> _What is being asked_: In the records that follow, show each line where the word "this" is present.

> _Dataset excerpts_:
*** Block opens ***

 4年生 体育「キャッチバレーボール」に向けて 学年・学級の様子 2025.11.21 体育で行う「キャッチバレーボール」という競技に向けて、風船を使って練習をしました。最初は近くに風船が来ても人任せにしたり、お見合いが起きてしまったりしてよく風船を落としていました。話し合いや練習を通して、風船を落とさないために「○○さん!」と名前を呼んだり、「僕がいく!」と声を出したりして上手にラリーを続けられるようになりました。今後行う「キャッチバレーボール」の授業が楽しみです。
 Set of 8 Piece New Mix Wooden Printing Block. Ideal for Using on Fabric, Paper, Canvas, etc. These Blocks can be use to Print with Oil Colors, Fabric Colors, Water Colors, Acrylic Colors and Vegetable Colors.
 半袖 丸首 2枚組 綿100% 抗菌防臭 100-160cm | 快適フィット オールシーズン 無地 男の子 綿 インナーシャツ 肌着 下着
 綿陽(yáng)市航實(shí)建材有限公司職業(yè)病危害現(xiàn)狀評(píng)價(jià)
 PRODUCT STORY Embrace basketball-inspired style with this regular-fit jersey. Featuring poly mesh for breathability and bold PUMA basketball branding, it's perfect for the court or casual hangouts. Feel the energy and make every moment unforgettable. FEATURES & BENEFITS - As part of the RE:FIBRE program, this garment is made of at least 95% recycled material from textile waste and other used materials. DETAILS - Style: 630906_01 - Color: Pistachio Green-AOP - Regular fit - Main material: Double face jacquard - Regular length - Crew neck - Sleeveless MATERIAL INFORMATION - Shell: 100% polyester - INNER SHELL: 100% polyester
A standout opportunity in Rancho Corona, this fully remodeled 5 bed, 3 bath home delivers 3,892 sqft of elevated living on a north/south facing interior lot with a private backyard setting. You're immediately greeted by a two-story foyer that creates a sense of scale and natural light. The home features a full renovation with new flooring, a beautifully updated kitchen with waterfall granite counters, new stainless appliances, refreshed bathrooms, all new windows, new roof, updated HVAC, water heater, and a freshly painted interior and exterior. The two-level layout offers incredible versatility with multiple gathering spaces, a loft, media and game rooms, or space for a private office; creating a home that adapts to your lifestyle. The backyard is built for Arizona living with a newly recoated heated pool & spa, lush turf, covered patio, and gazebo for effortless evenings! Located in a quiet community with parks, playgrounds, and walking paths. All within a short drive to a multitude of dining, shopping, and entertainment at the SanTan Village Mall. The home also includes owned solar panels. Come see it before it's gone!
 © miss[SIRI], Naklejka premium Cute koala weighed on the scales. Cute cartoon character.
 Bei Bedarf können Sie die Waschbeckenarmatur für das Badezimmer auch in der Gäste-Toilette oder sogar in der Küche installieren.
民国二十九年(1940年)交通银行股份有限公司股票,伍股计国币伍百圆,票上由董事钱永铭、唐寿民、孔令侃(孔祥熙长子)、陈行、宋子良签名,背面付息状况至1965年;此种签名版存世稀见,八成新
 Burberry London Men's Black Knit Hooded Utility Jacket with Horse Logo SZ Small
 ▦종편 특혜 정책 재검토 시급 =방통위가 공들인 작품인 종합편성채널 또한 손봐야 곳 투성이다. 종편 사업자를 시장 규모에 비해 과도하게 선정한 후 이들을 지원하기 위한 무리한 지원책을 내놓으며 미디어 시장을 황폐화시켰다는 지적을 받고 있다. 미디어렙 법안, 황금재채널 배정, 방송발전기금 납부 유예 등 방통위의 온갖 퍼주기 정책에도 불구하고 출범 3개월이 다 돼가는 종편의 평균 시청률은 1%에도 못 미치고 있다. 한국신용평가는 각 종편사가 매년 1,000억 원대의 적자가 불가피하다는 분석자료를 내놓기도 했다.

*** Block closes ***

> _Written solution_:
 PRODUCT STORY Embrace basketball-inspired style with this regular-fit jersey. Featuring poly mesh for breathability and bold PUMA basketball branding, it's perfect for the court or casual hangouts. Feel the energy and make every moment unforgettable. FEATURES & BENEFITS - As part of the RE:FIBRE program, this garment is made of at least 95% recycled material from textile waste and other used materials. DETAILS - Style: 630906_01 - Color: Pistachio Green-AOP - Regular fit - Main material: Double face jacquard - Regular length - Crew neck - Sleeveless MATERIAL INFORMATION - Shell: 100% polyester - INNER SHELL: 100% polyester
A standout opportunity in Rancho Corona, this fully remodeled 5 bed, 3 bath home delivers 3,892 sqft of elevated living on a north/south facing interior lot with a private backyard setting. You're immediately greeted by a two-story foyer that creates a sense of scale and natural light. The home features a full renovation with new flooring, a beautifully updated kitchen with waterfall granite counters, new stainless appliances, refreshed bathrooms, all new windows, new roof, updated HVAC, water heater, and a freshly painted interior and exterior. The two-level layout offers incredible versatility with multiple gathering spaces, a loft, media and game rooms, or space for a private office; creating a home that adapts to your lifestyle. The backyard is built for Arizona living with a newly recoated heated pool & spa, lush turf, covered patio, and gazebo for effortless evenings! Located in a quiet community with parks, playgrounds, and walking paths. All within a short drive to a multitude of dining, shopping, and entertainment at the SanTan Village Mall. The home also includes owned solar panels. Come see it before it's gone!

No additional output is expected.